Repeat the data word for word, excluding every picture.

[Data shown]:
=== Section Start ===
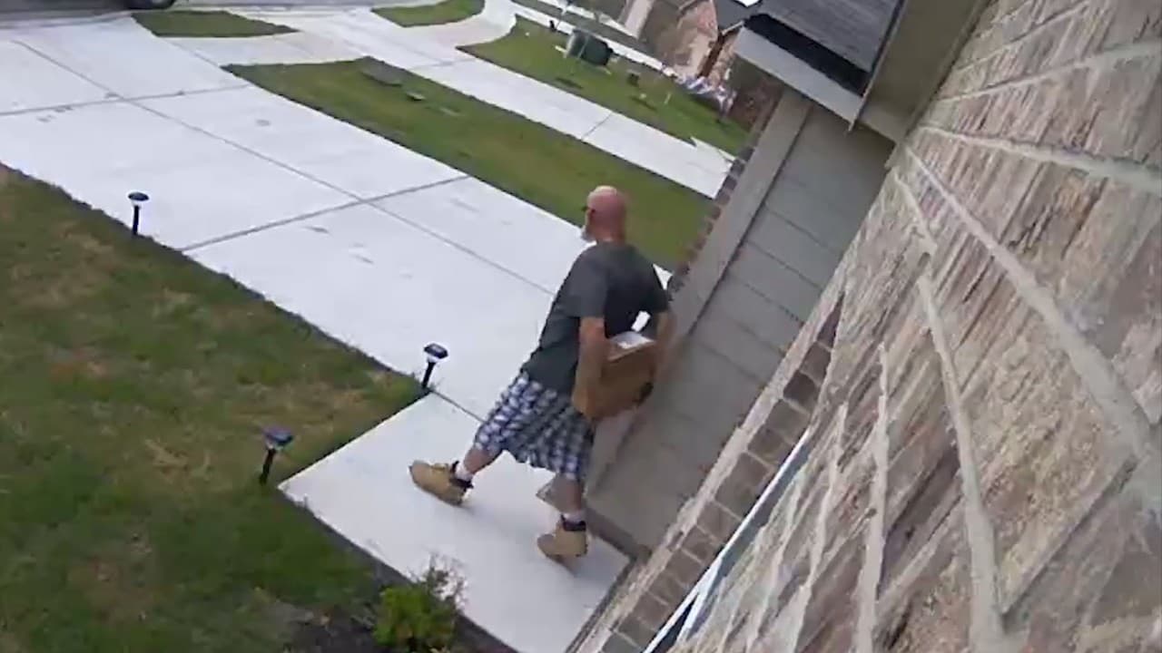 Cámaras de vigilancia captaron el momento en que un sujeto roba los paquetes de una casa en Liberty Hills, autoridades piden de la ayuda de la comunidad para identificarlo.
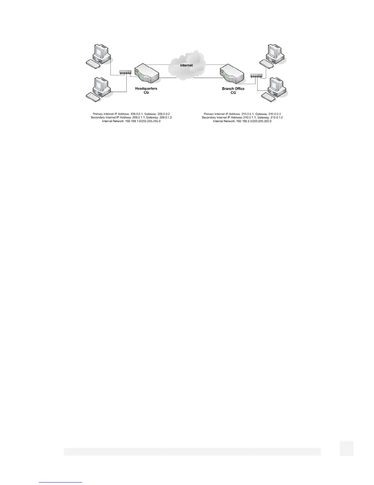 Setup an IPSec tunnel between the primary Internet IP Addresses (209.0.0.1 <>
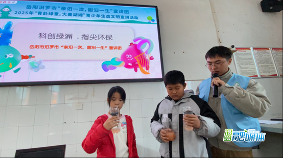 这场名为“青赴绿意 大美湖湘”的宣讲,是共青团中央社会联络部指导的长江流域“守护好一江碧水”系列公益活动的重要组成部分。汨罗市选调生团队携手湖南师范大学“青赴绿意”总队与弼时镇人民政府,将环保课堂搬进校园,用故事、实验与歌声,串联起一堂生动的生态教育课。
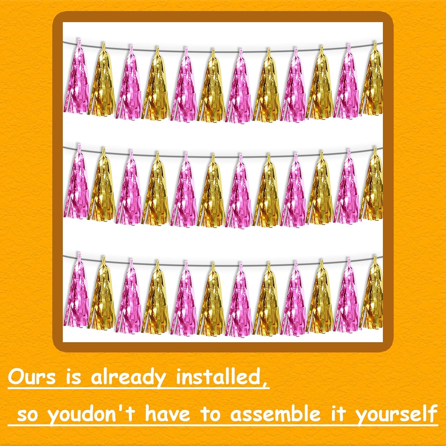 • 【Package Includes】The total length of the gold pink birthday tassels banner is 30 feet, divided into 3 strips, each 10 feet long. Each banner contains 15 tassels, and each tassel measures 14 inches, for birthday decorations many occasions uitable for Patriotic display, Homecoming Float, Christmas Float, ecorative metal trailers, graduation floats etc
=== Section End ===
[Answer]:
 Cámaras de vigilancia captaron el momento en que un sujeto roba los paquetes de una casa en Liberty Hills, autoridades piden de la ayuda de la comunidad para identificarlo.
 Setup an IPSec tunnel between the primary Internet IP Addresses (209.0.0.1 <>
 这场名为“青赴绿意 大美湖湘”的宣讲,是共青团中央社会联络部指导的长江流域“守护好一江碧水”系列公益活动的重要组成部分。汨罗市选调生团队携手湖南师范大学“青赴绿意”总队与弼时镇人民政府,将环保课堂搬进校园,用故事、实验与歌声,串联起一堂生动的生态教育课。
 • 【Package Includes】The total length of the gold pink birthday tassels banner is 30 feet, divided into 3 strips, each 10 feet long. Each banner contains 15 tassels, and each tassel measures 14 inches, for birthday decorations many occasions uitable for Patriotic display, Homecoming Float, Christmas Float, ecorative metal trailers, graduation floats etc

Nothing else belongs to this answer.